Baby Book Guides  •  10 min read

You had every intention of filling out a baby book.

Maybe someone gifted you a beautiful one at the baby shower. Maybe you bought one yourself, full of optimism, during the nesting phase. Maybe it's sitting on a shelf right now, still mostly blank, with a few entries from the first two weeks and then nothing.

You're not alone. Most physical baby books get abandoned. Not because parents don't care — they care deeply — but because real life with a newborn leaves almost no room for sitting down with a pen and thinking clearly about what to write.

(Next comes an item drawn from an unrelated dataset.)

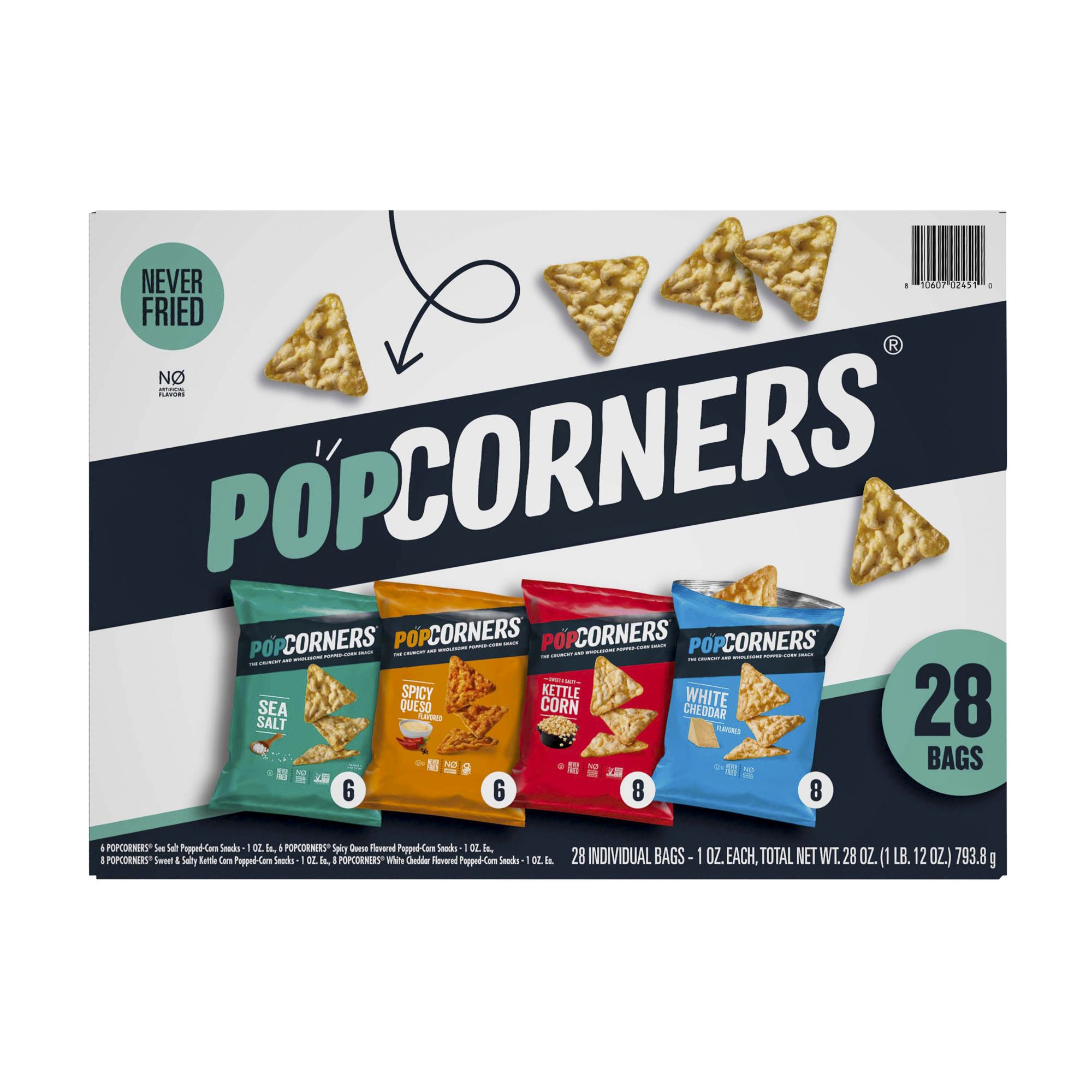 28 bag variety pack featuring Spicy Queso flavor, Sea Salt flavor, White Cheddar flavor, and Sweet and Salty Kettle Corn flavor The crunchy and wholesome popped-corn snack Snacks made with non-GMO project verified corn Never fried No nuts Gluten free Includes 28 one oz. bags of PopCorners snacks - six bags of spricy queso flavor, six bags of sea salt flavor, eight bags of white cheddar flavor, and eight bags of sweet and salty kettle corn

This guide is here to help. Below is everything worth capturing in your baby's first year, organized by category, with prompts you can use when you don't know where to start. Save it, share it, come back to it whenever you have a spare ten minutes.


Why the First Year Is the Most Important Year to Document

The first year of your child's life contains more change than any other year they'll ever experience. In twelve months, they go from a sleeping, eating bundle who can't hold their own head up to a curious, laughing, sometimes walking person with opinions and personality.

And here's the hard truth: you will forget most of it.

Not because you're a bad parent. Because the human brain isn't designed to retain every detail of every beautiful ordinary Tuesday. The memory of your baby's first real laugh — the one that came out of nowhere and surprised both of you — will fade. The way they smelled. The specific sound of their cry. The tiny wrinkles on their knuckles at three weeks old.

Writing it down is the only way to keep it.


1. The Birth Story

Start here. This is the entry most parents mean to write and put off the longest. Don't let too much time pass — the details are sharpest in the first few weeks.

What to include:

  • When did labor start? What were you doing?
  • Where were you when you realized it was time?
  • Who was with you?
  • How long did labor last?
  • What was the moment of birth like?
  • What were the first words spoken in the room?
  • What was the first thing you noticed about your baby?
  • How did you feel in the first hour?

You don't need to write a novel. Even a paragraph or two that captures the feeling of that day will be something your child reads over and over when they're older.


2. The First Week Home

The hospital is one thing. The first week at home is another. This is when the weight of what just happened really lands — the love, the overwhelm, the joy, the exhaustion, all mixed together.

What to capture:

  • What was the first night home like?
  • What surprised you most about having a newborn?
  • Who came to visit, and what did they say?
  • What did your baby look like at this exact moment?
  • What was your daily routine in week one?
  • What were you worried about? What were you excited about?

3. Monthly Milestones

This is the backbone of any good baby book. Pick one day each month — the same day of the month as their birthday — and record a snapshot.

For each month, consider writing:

  • Weight and length
  • What they can do now that they couldn't last month
  • What makes them laugh
  • What makes them stop crying
  • Their favorite toy, sound, or activity
  • Something funny or unexpected that happened this month
  • A note about how you're feeling as a parent right now

Monthly photos alongside these notes are invaluable. You won't believe how fast they change from month one to month six to month twelve.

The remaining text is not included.